Hey Chuck, you're answering all of my burning questions today haha.   When I check the Read-Only checkbox on table 2, that field also becomes Read-Only in table one.   I fixed this issue right now by using an onLoad Client Script on table 2 for the fields I want to be Read-Only.



Thanks!


Is table 2 extended from table 1? Have you tried an ACL? Make the field writable by some unattainable condition (like a name field is blank.)


No, in this instance Table 2 is not extended from Table 1.   Is the Client Script solution ok or is that not considered to be best practice?


Client scripts are easily hackable. A server side solution like an ACL or read-only dictionary attribute is more secure. You can go with a client script or UI policy, but keep in mind that the security is never going to be 100% enforceable.

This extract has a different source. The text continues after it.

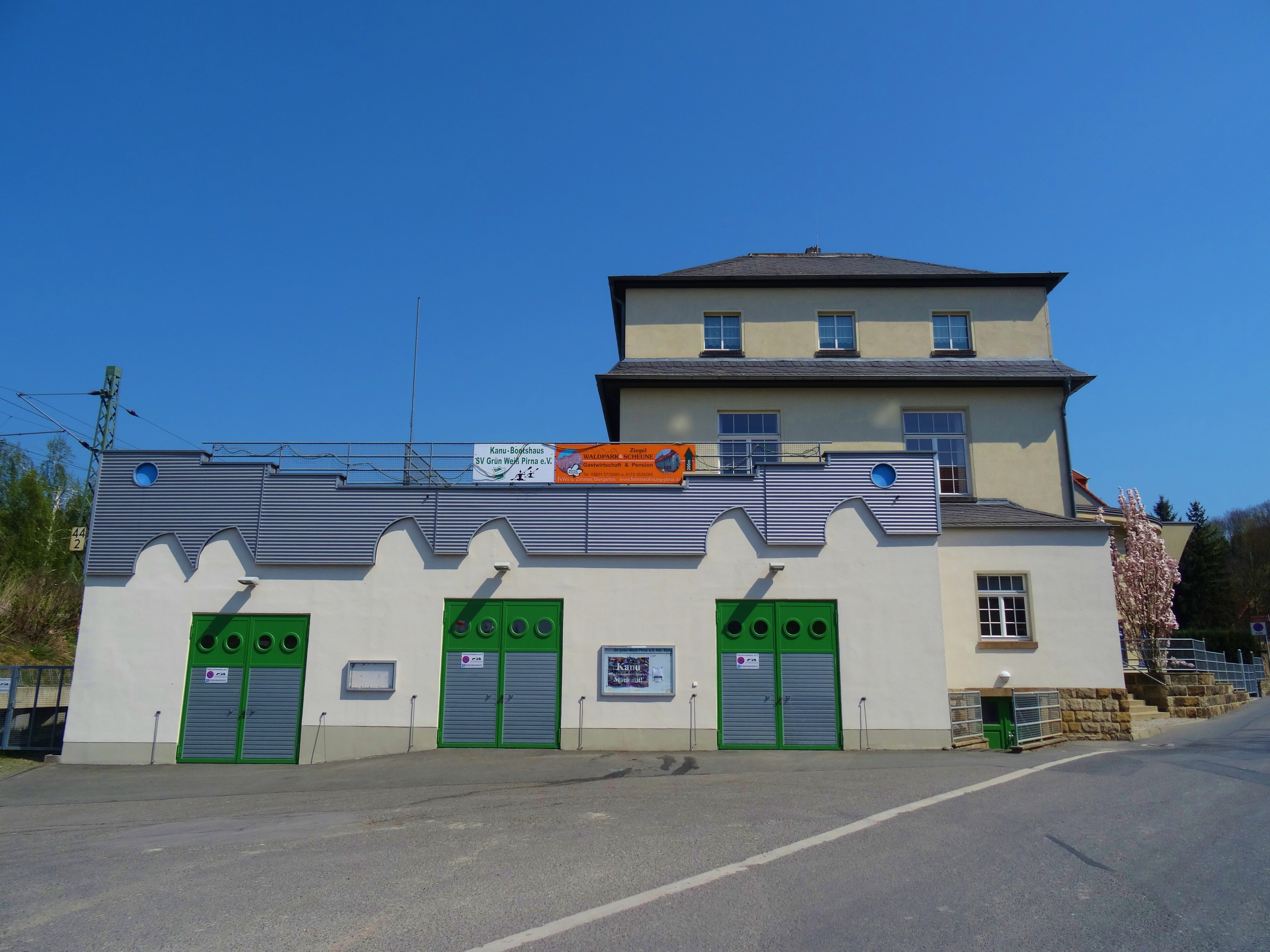 The Steinplatz square and street in Pirna.

When you tried the read-only checkbox on the table 2 reference field, you said it also made table 1 read-only. That should not be the case unless you are dealing with extended tables. Can you show me what happened?


Hi Chuck,



Something's bugging me. How does making the dictionary attribute work here? From what I understand, those other fields are dot-walked from the reference field. So that would mean they belong to the referenced table right? So if we make them read-only on dictionary, wouldn't that mean modifying the original fields?



So, aren't UI policies the best and only approach(apart from client scripts) in this case? Though not 100% secure?